UC Faculty Examine Iraq

WHAT: Seminar on “Iraq in Perspective”
WHEN: 7-8:15 p.m. Tuesday, April 29, 2003
WHERE: Room 308, Blegen Library
ADMISSION: Free and open to the public
SPONSOR: McMicken College of Arts and Sciences
SPEAKERS AND TOPICS: 

  • Brian Rose, professor of classical archaeology
    “Iraq in Antiquity”
    In antiquity, Iraq was known as Mesopotamia and was the center of some of the great empires of the ancient Near East: the Sumerians, Assyrians and Akkadians, among others. Babylon was famous for the Tower of Babel and the Hanging Gardens, regarded as one of the seven wonders of the ancient world, and King Hammurabi produced one of the first written codes of law. Constant warring among empires gave rise to an elaborate program of propaganda glorifying dynasties and conquests. A similar iconography has been consistently used by the Ba’ath Party in Iraq, and the monuments of Mesopotamia played a major role in that iconography. Rose will explore the extent to which the Mesopotamian past was co-opted by the regime of Saddam Hussein. His triumphal iconography will be compared to that of the Shah of Iran in the 1970s.

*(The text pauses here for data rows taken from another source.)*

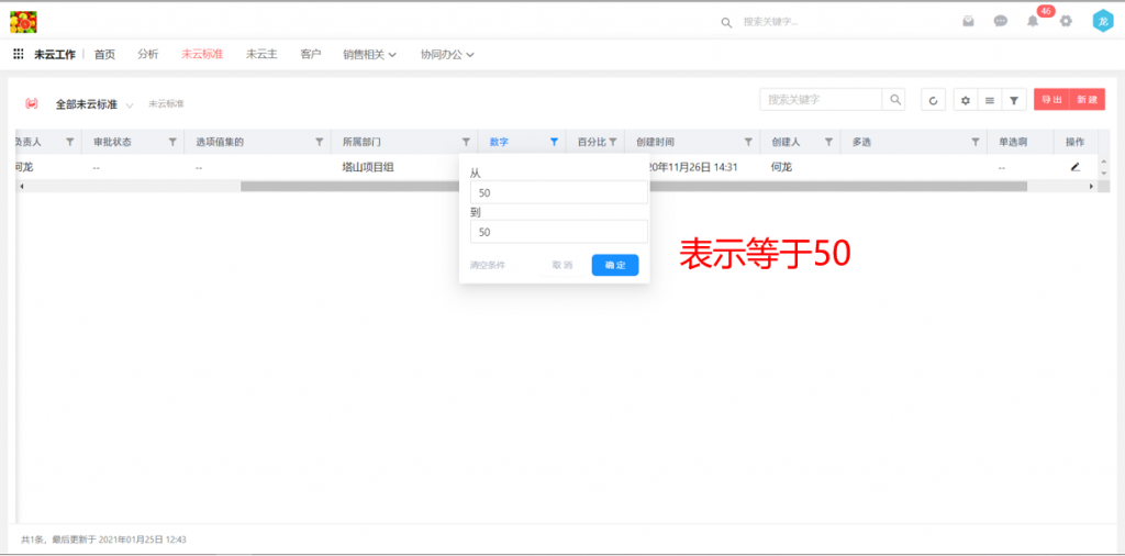 7)數(shù)據(jù)列表中,數(shù)值型字段在表頭篩選時可以只輸入一邊,或者兩邊輸入相同數(shù)值,進(jìn)行篩選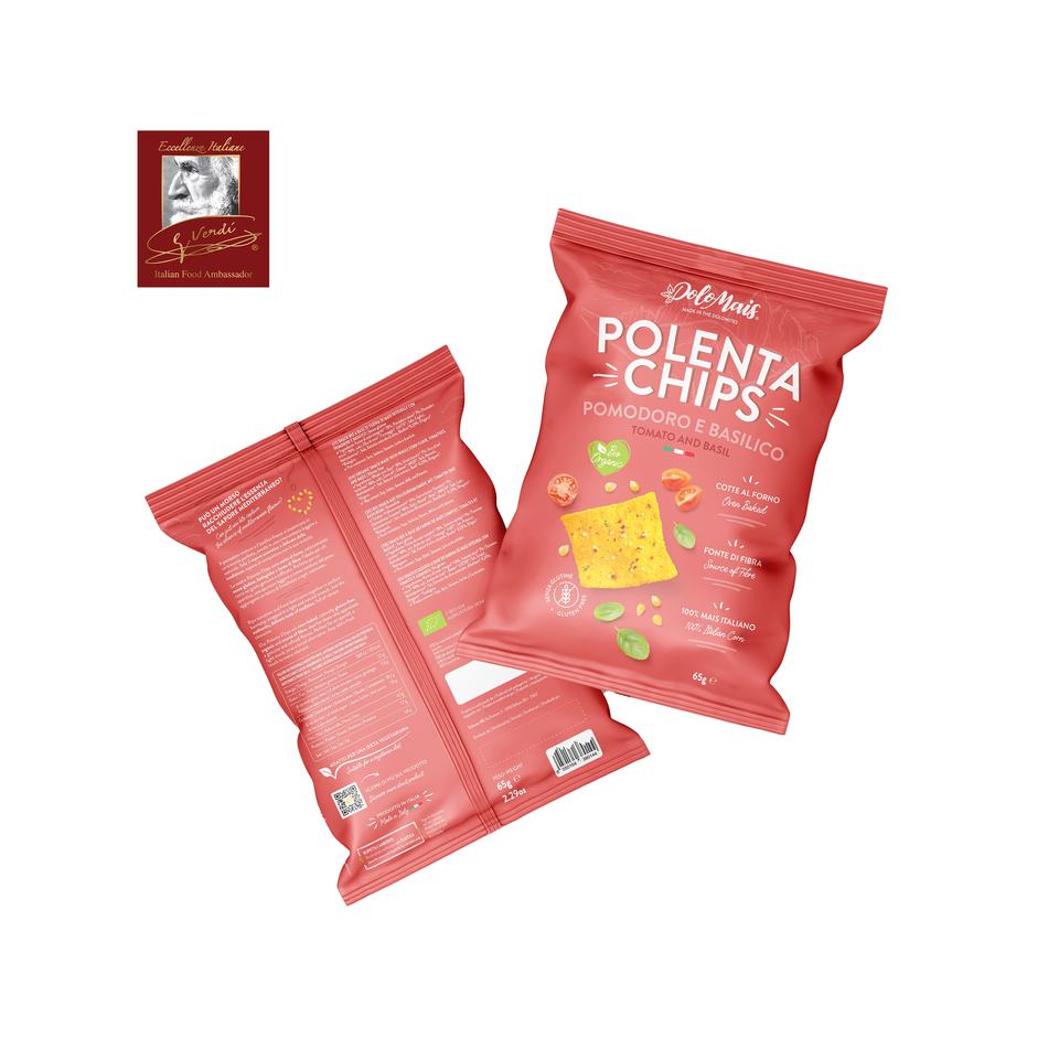 โพเลนต้าชิปส์ รสโทเมโทและโหระพา 65 กรัม ขนมขบเคี้ยวจากข้าวโพด GVERDI อาหารอิตาเลียน ผลิตในอิตาลี อาหารเรียกน้ำย่อย ขนมขบเคี้ยวรสเค็ม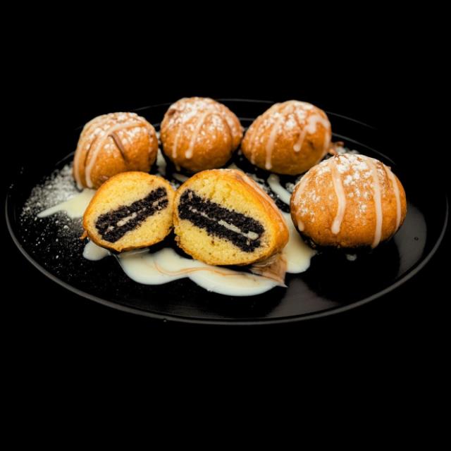 5 Deliciosas galleta oreo cubierta de masa de hotcakes, bañada con nutella, lechera y azucar glass.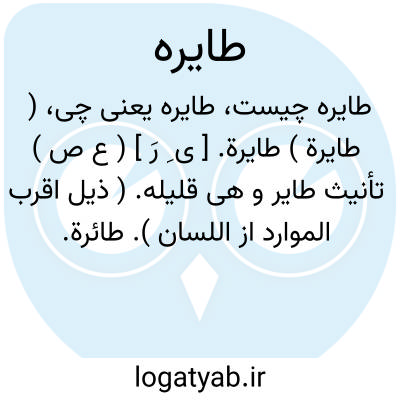 ( طایرة ) طایرة. [ ی ِ رَ ] ( ع ص ) تأنیث طایر و هی قلیله. ( ذیل اقرب الموارد از اللسان ). طائرة.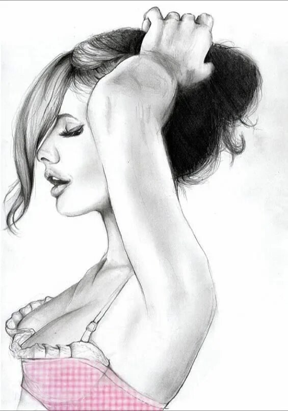 ![Рисунки карандашом для срисовки поэтапно девушка]()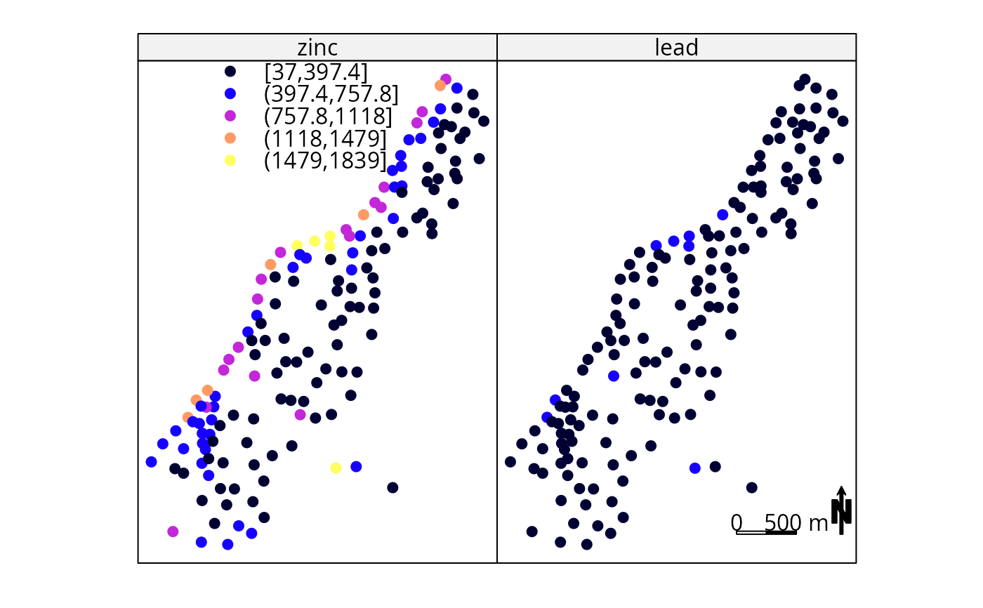 spplot(meuse, c("zinc", "lead"), sp.layout=list(l2,l3,l4,l5, which = 2),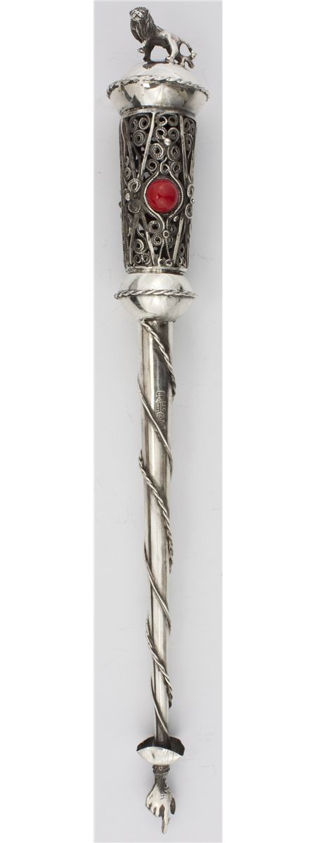 A fine Torah pointer from the late nineteenth-century Torah pointer, measuring 10 1/2" long, bears a lion at top beneath which are filigree decorations with two red cabochons thereon. Hallmarked with several stamps including "1875" and "84". A dent here and there, barely noticeable and do not detract, otherwise a fine example.
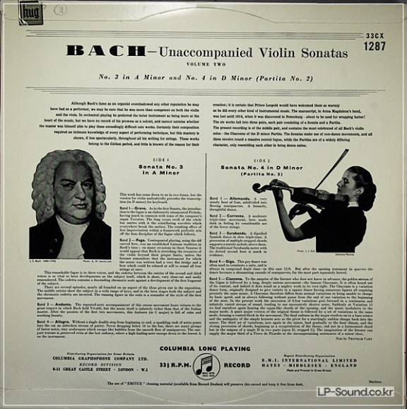 J.S.BACH THE UNACCOMPANIED VIOLIN SONATAS JOHANNA MARTZY, 33CX 1287 > 독주곡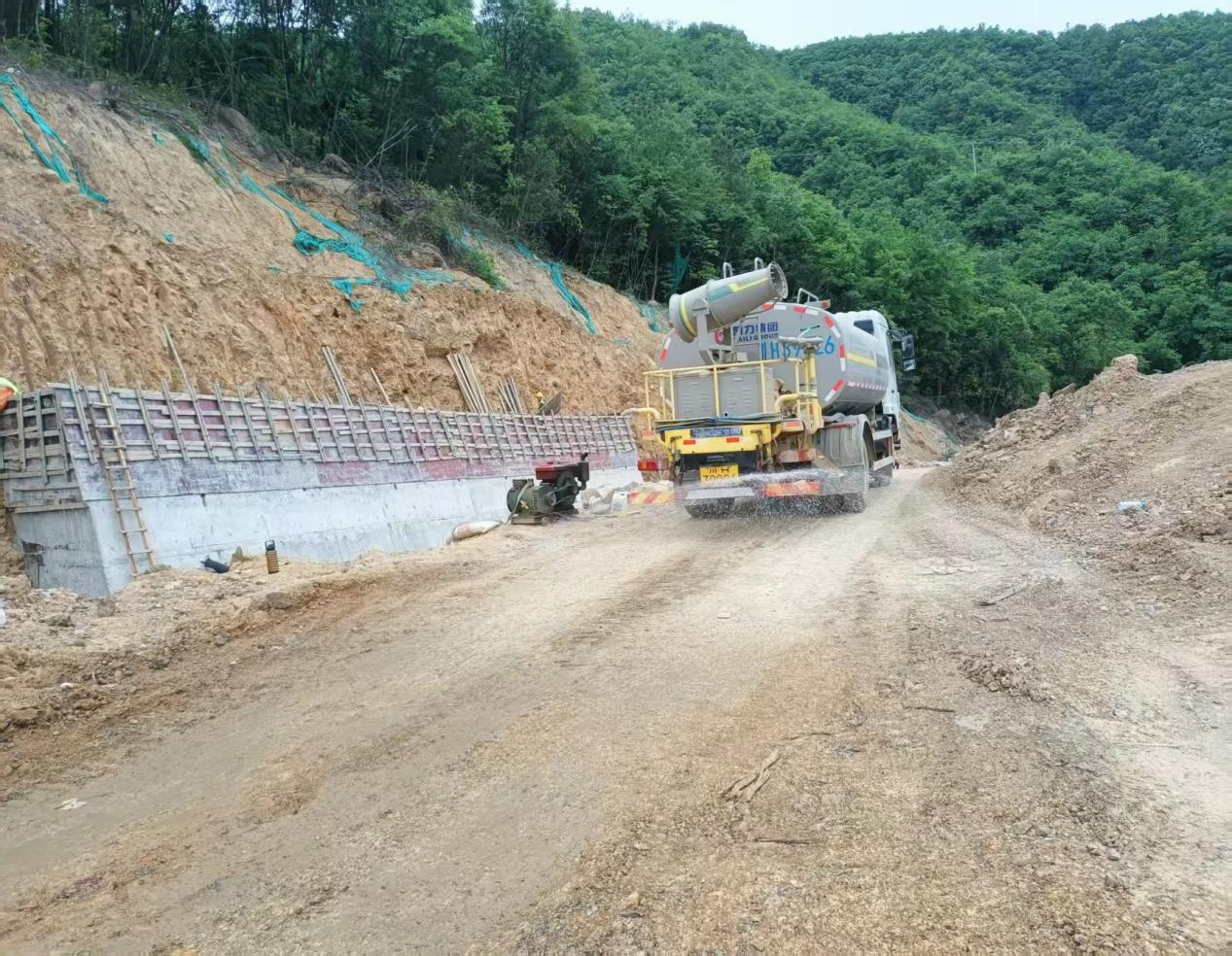 各项目通过挂网喷播植草、循环洒水降尘、雾炮机除尘、混凝土硬化、封闭围挡运输等方式开展扬尘治理整改工作。

  • Jack Davis, Carl W. Blegen Professor of Greek Archaeology
    “Archaeology & Foreign Policy in Iraq: The Case of Gertrude Bell”
    Gertrude Bell (1868-1926), British archaeologist, explorer, intelligence officer and diplomat devoted the last quarter century of her life to the Arab peoples. Her memoirs, diaries and letters are masterpieces  of late Victorian travel-writing. She helped found the national archaeological museum of Iraq, which has just been looted in Baghdad. Even more significantly, she was a highly influential adviser to the British, shaping decisions that led to the creation of the modern state of Iraq. Many of those policies continued to guide successive Iraqi governments (including Saddam Hussein's Ba’ath party).
  • Elizabeth Frierson, assistant professor of history
    “The Ba’ath Party of Iraq, Before and After Saddam Hussein”
    Ba'ath party ideology at its founding looked like a feasible and relatively benign road to socialist democracy in new Arab nation-states. By the 1970s, however, it had been hijacked by single-party despots and transformed into a basis for fascist state-society relations. Were Arab and Western observers deluded in thinking the Ba'ath party was the door to a brighter future? Does Ba'ath ideology have any legitimacy today? The future for Ba’ath in Iraq may hold anything from post-war purge and retributions, to South Africa-style truth and reconciliation movement.